The subsequent t-Bu deprotection was synthetically challenging. Several literature conditions were trialled, including 4 M HCl in 1,4-dioxane,27 TMSOTf in dichloromethane,28Bacillus subtilis esterase29 and mixtures of trifluoroacetic acid with dichloromethane and carbocation scavengers such as anisole,15 thioanisole,30 dimethoxybenzene31 and silanes. None gave a clean cleavage product. The most promising set of conditions was the standard peptide deprotection conditions (92.5[thin space (1/6-em)]:[thin space (1/6-em)]2.5[thin space (1/6-em)]:[thin space (1/6-em)]2.5[thin space (1/6-em)]:[thin space (1/6-em)]2.5 TFA/CH2Cl2/H2O/TIPS),13 where product formation was observed using liquid chromatography–mass spectrometry (LC–MS), but merely as a minor product. Conjugate cleavage at the carbamate was observed and attributed to the reducing capability of silanes (Scheme S2). Different amounts of TIPS and different silanes were trialled in an attempt to improve the deprotection step (Table S1). However, the standard peptide deprotection conditions were eventually used for the t-Bu deprotection since they reproducibly gave the desired product P2-10 albeit at an overall yield for stapling and deprotection of 5% (Scheme 1c). Introduction of other protecting groups (allyl, methyl, benzhydryl) to avoid this issue was attempted, but only with t-Bu group were we able to synthesise the full staple (Table S2). The stapled peptide prior to t-Bu deprotection (P2-10a) was also tested for its antibacterial properties in an attempt to avoid the low-yielding deprotection, however the activity was four-fold lower than for the deprotected conjugate (Table S3).

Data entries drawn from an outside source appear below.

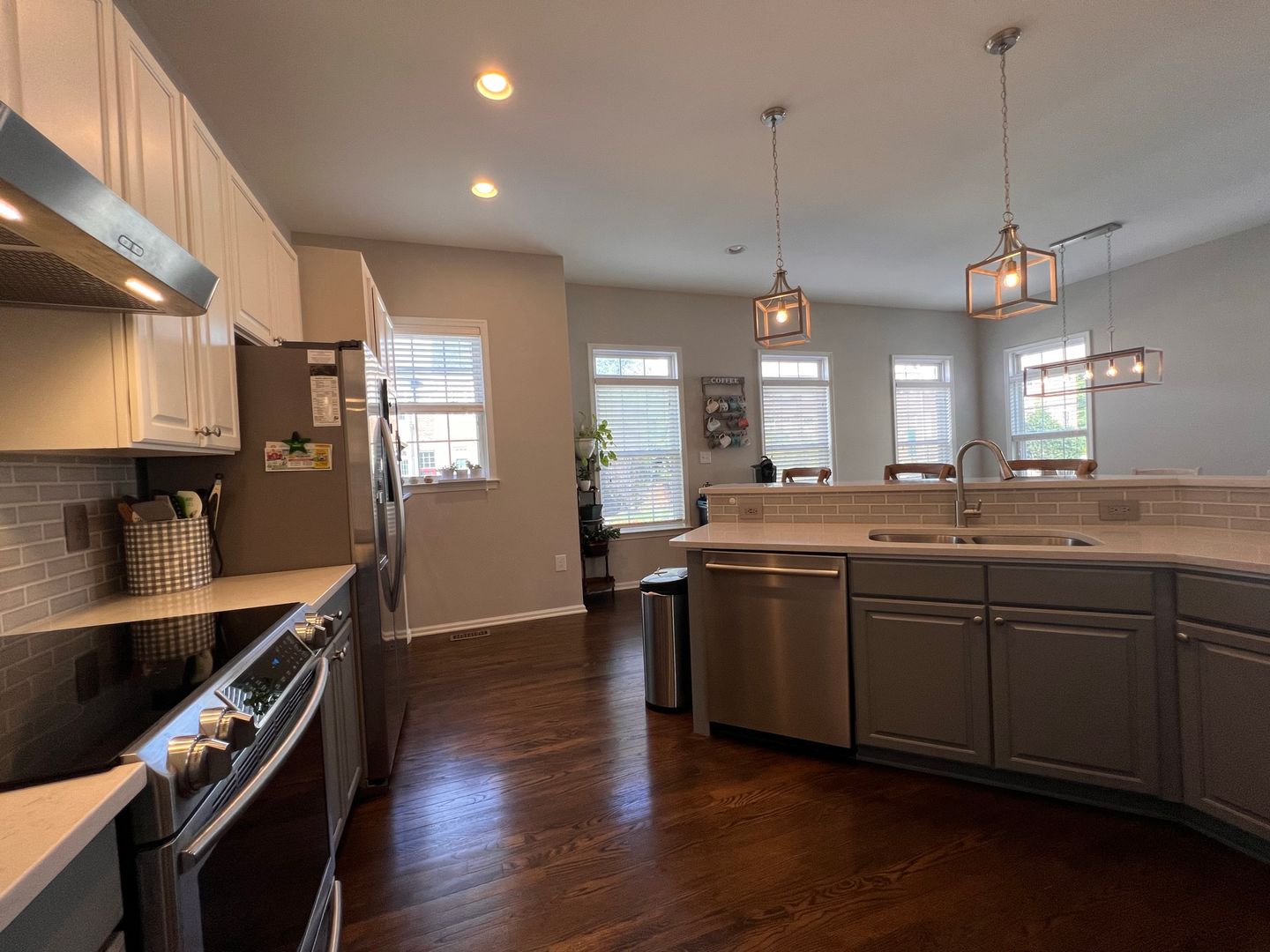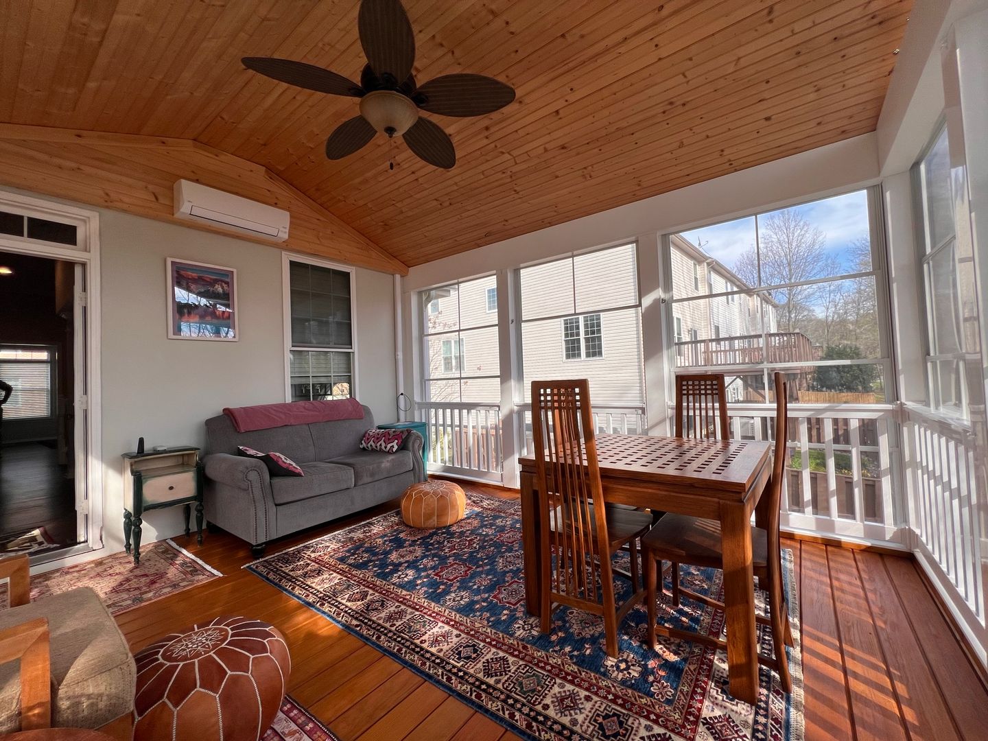 WELCOME HOME to this Meticulously maintained End Unit Townhome in sought after Lowes Island. The owners have thoughtfully included every feature and intricate detail to ensure tranquility, comfort, and pure pleasure during those days at home. This home is a chef and entertainer's dream which includes over 2700 finished square feet, 3-fully finished levels, 4-season enclosed deck, and a finished walk-out basement to landscaped backyard with privacy fencing that backs to trees. This 2-Car Garage End Unit Townhome includes entry through the garage and front main entry. The Main Level features an open floor plan with stunning hardwood flooring, expansive living room with gas fireplace. Linger to the 4-season deck with cooling and heating elements coupled with open adjoining deck for grilling. The kitchen is huge with stunning granite coutertops, bar, stainless steel appliances, induction range, built-in oven and microwave, refrigerator with ice maker and water dispenser. Delight in the morning sun in the breakfast room and huge dining area. The Upper Level includes a large Primary Suite with Walk-In closet, convenience of a stacked Washer and Dryer, and an adjoining Primary Luxury Bath with Dual Vanities and Heated Floors. Additional oversized 2 Bedrooms and Full Bath. The Lower Level is Fully Finished and Improved Walk-Out Basement includes plush carpet, warmth of an additional gas fireplace, a projector and screen for movie and sports nights, a full bath, and hookup for an additional washer and dryer, if desired.
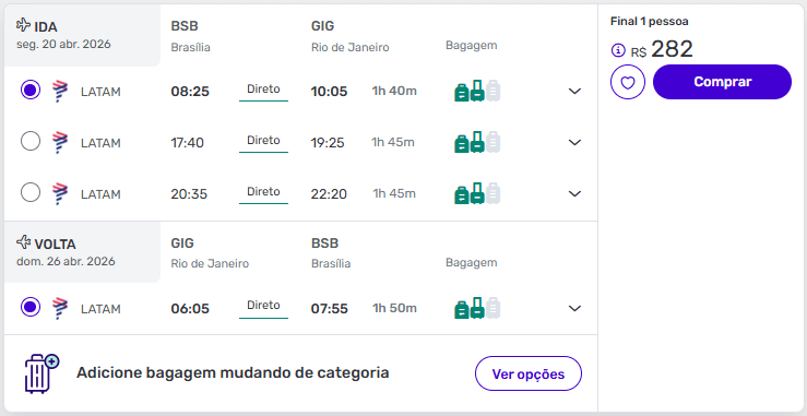 As ofertas mais em conta partem de Brasília, Vitória, Campinas ou Belo Horizonte, mas existem excelentes tarifas também saindo de outras cidades, com datas disponíveis para quem quer viajar até abril de 2026.
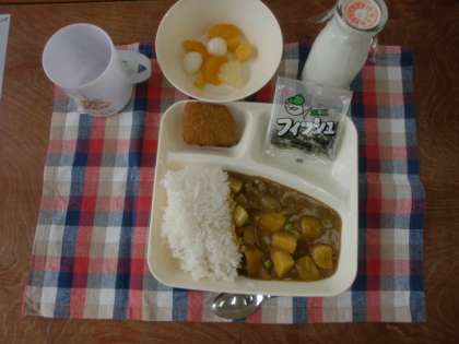 今日は「入学祝い献立」でカツカレー、フルーツ白玉、ミニフィッシュでした。
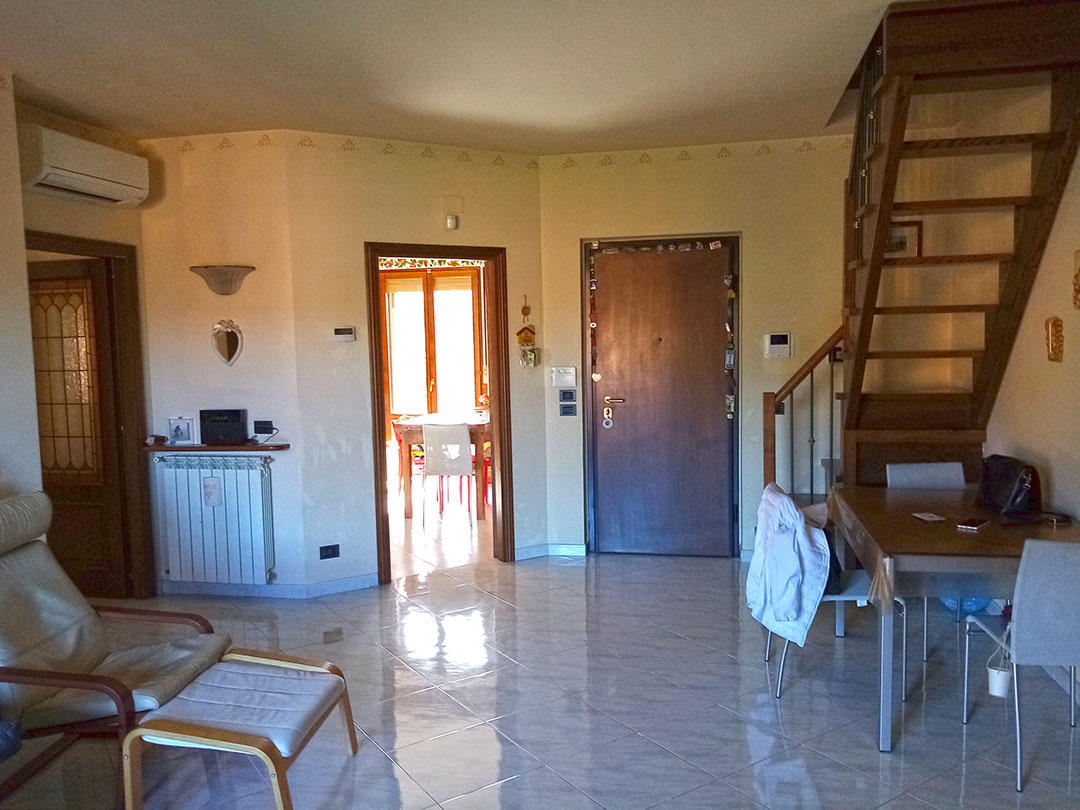 Appartamento al terzo piano composto da soggiorno, cucina, disimpegno, due servizi igienici, due camere da letto, studio, tre balconi, scale di collegamento interne a cui si accede a locali sottotetto accessoriati da un terrazzo.
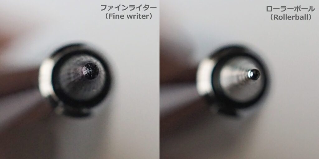 右は同じくWP ローラーボールリフィルのペン先。こちらはペン先のボールを転がしてインクを出す機構は通常のボールペンと同じですが、インクの粘度が一般的なローラーボールのそれよりも低く、よりインクフローが潤沢となっています。

In addition to the target conjugate P2-10, two control compounds (P2-12 and P2-8) were also synthesised (Scheme 1d and e). Compound P2-12 acted as a non-cleavable peptide–ciprofloxacin conjugate, aiming to show the benefit of a cleavable linker. Compound P2-8 represented the stapled peptide released after the cleavage of the cephalosporin linker and it was used to understand the contribution of the peptide to the overall activity of the conjugate.

2.3 Biological testing

After the synthesis of the desired conjugates, we moved on to the evaluation of their properties. First, their MIC values for P. aeruginosa were measured (Table 2). Like in the peptide selection process, P. aeruginosa strains PAO1 and PA14 were used. The lack of activity for the non-cleavable conjugate P2-12 was consistent with no release of ciprofloxacin. The stapled peptide control P2-8 disappointingly also showed no activity, which was unexpected as the same peptide showed antimicrobial activity when stapled with a simplified staple 1 (MIC of 8–16 μg mL−1, 4.6–9.2 μM; P2-1). This was attributed to be likely due to the different structure of staple 8 compared to staple 1. Cleavable conjugate P2-10 showed an increased level of activity compared to the controls, but the MIC did not reach the expected values, potentially due to limited cleavage of ciprofloxacin from the conjugate. It was envisaged that following complete cleavage of conjugate P2-10 the MIC values (expressed in μM) would reach the same level as ciprofloxacin alone.
Table 2 Minimal inhibitory concentration (MIC) for peptide P2-10 and the control compounds
Compound MIC for PAO1 MIC for PA14
μg mL−1 μM μg mL−1 μM
P2-12 > 64 > 32 > 64 > 32
P2-8 > 64 > 33 > 64 > 33
P2-10 16 7.0 16 7.0
Ciprofloxacin 0.125 0.38 0.0625 0.19
Polymyxin B 2 1.7 1 0.83


More biological experiments were carried out to rationalise the observed trends. Firstly, the difference in activity between peptide stapled with cephalosporin-based staple (P2-8) and the peptide stapled with the simplified staple (P2-1) was investigated. Due to the presence of polar functional groups such as carboxylic acid and amide, staple 8 is expected to be overall more polar than simplified staple 1. Therefore, the positioning of staple 8 on the hydrophobic surface of the peptide could be disrupting the amphipathic nature of the peptide necessary for activity of the AMP. If this were the case, simplified staple 1, being more hydrophobic, like literature hydrocarbon staples, would be better tolerated on the hydrophobic surface of the peptide. To test this hypothesis, a series of peptides with staple 8 introduced at different positions, including positions on the hydrophilic surface of the peptide, was created but none of the variants showed improvement over the original peptide P2-8 (Fig. S1 and Table S4).

Next, we focused on the apparent incomplete cleavage of the conjugate. In order to further our understanding, the experiments primarily focused on the availability of β-lactamase for cleavage. P. aeruginosa is known to express higher levels of β-lactamase AmpC, whose substrates include cephalosporins, in the presence of β-lactams.32 The growth medium was hence spiked with sub-MIC amount of cephalosporin ceftazidime, but this did not cause a reduction in the MIC (Table 3). Following this, an alternative way of increasing β-lactamase levels was attempted by using a PAO1 strain containing plasmid pUCP20, which encodes a β-lactamase. This strain showed a slight, but statistically significant decrease in cell growth around the MIC value, which resulted in a reduction in MIC by one half (Fig. 4 and Table 3). Pleasingly, no difference in cell growth inhibition was observed for a control peptide P2a in the strain containing the plasmid.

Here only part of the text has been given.